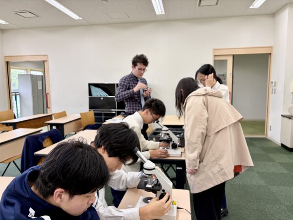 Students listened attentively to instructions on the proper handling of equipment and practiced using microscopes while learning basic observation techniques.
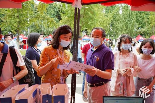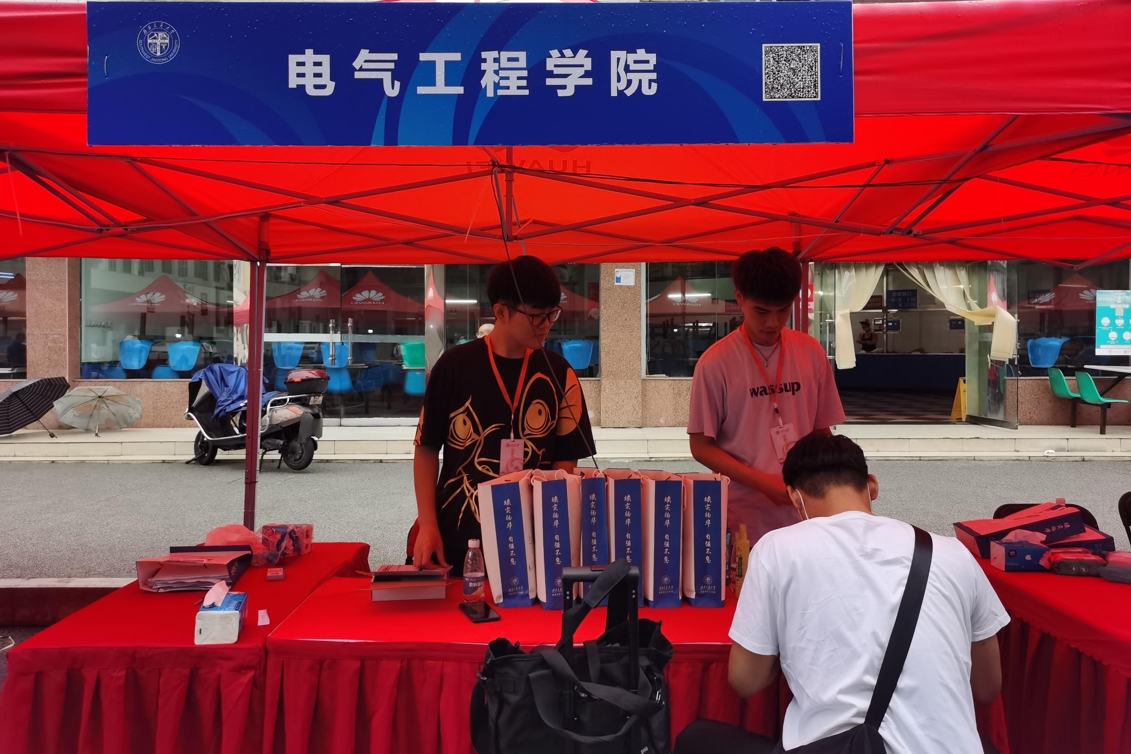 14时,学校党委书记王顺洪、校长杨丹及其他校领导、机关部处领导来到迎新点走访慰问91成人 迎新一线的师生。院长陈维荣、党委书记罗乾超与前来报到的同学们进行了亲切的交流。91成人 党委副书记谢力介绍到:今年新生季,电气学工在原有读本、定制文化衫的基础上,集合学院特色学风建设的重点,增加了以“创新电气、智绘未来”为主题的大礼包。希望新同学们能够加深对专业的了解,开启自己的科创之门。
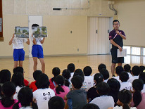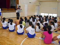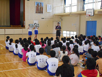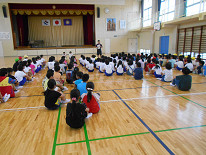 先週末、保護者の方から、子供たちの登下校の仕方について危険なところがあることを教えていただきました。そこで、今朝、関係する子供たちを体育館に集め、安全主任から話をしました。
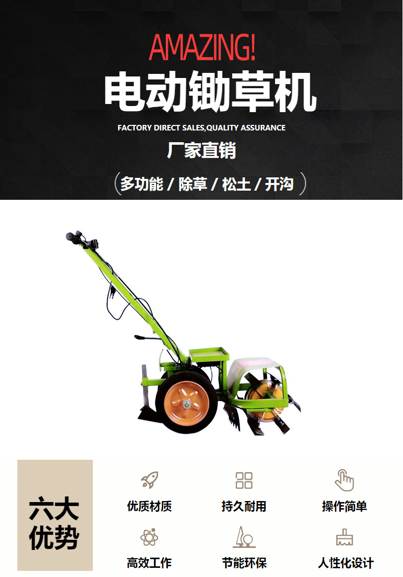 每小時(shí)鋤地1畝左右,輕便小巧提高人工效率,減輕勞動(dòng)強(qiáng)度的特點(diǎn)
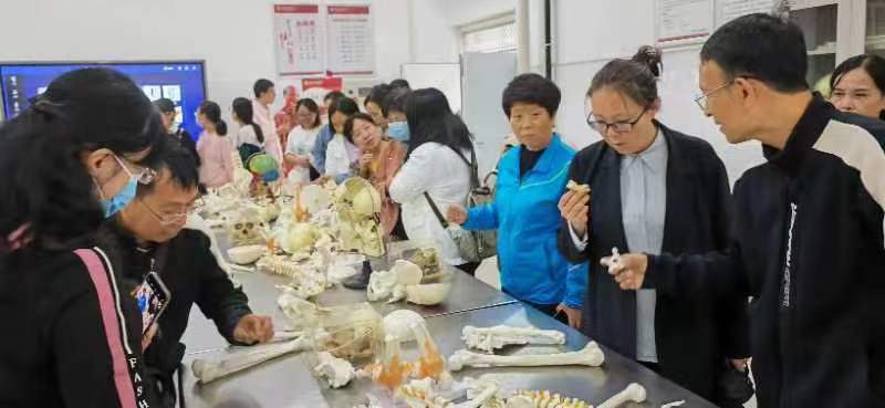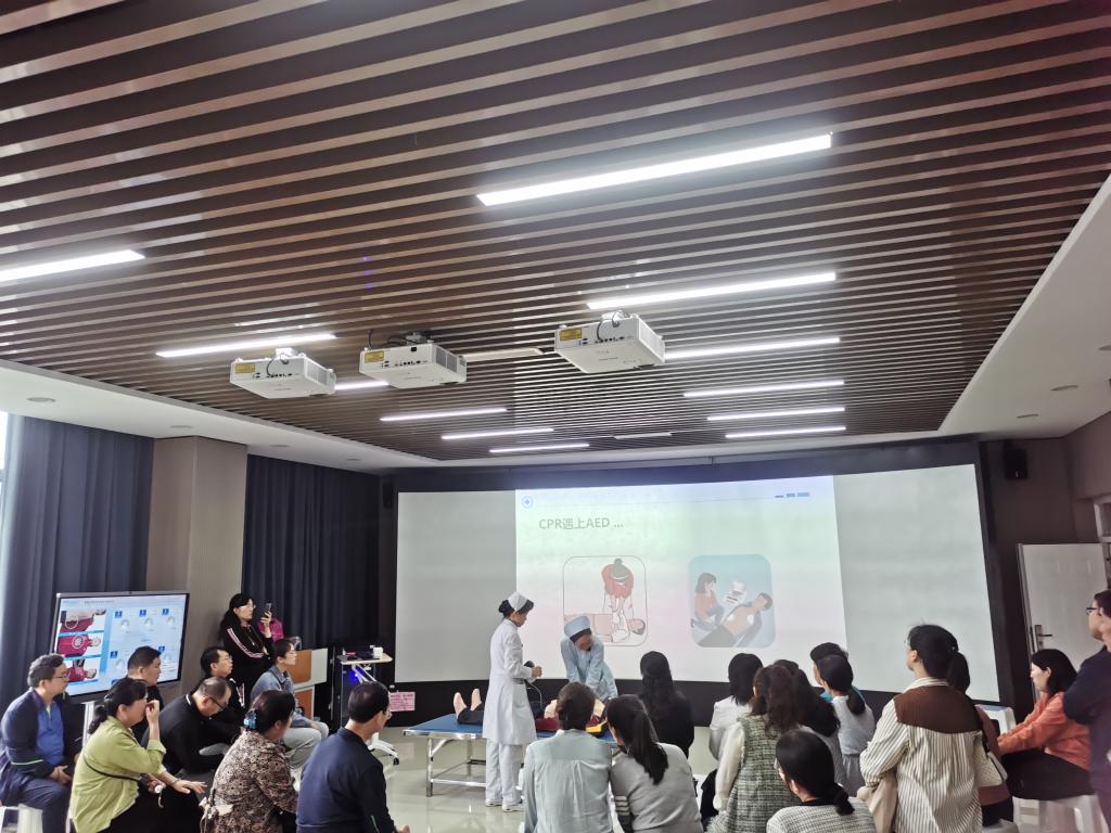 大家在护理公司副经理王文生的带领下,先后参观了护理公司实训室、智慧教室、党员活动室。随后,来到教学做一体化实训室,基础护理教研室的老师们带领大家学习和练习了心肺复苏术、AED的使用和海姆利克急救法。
------------------------
Task statement
Each line from the one containing "先週末、保護者の方から、子供" through the last line of the data should be written out exactly. Skip the pictures, and add no other lines.

Answer for the task
 先週末、保護者の方から、子供たちの登下校の仕方について危険なところがあることを教えていただきました。そこで、今朝、関係する子供たちを体育館に集め、安全主任から話をしました。
 每小時(shí)鋤地1畝左右,輕便小巧提高人工效率,減輕勞動(dòng)強(qiáng)度的特點(diǎn)
 大家在护理公司副经理王文生的带领下,先后参观了护理公司实训室、智慧教室、党员活动室。随后,来到教学做一体化实训室,基础护理教研室的老师们带领大家学习和练习了心肺复苏术、AED的使用和海姆利克急救法。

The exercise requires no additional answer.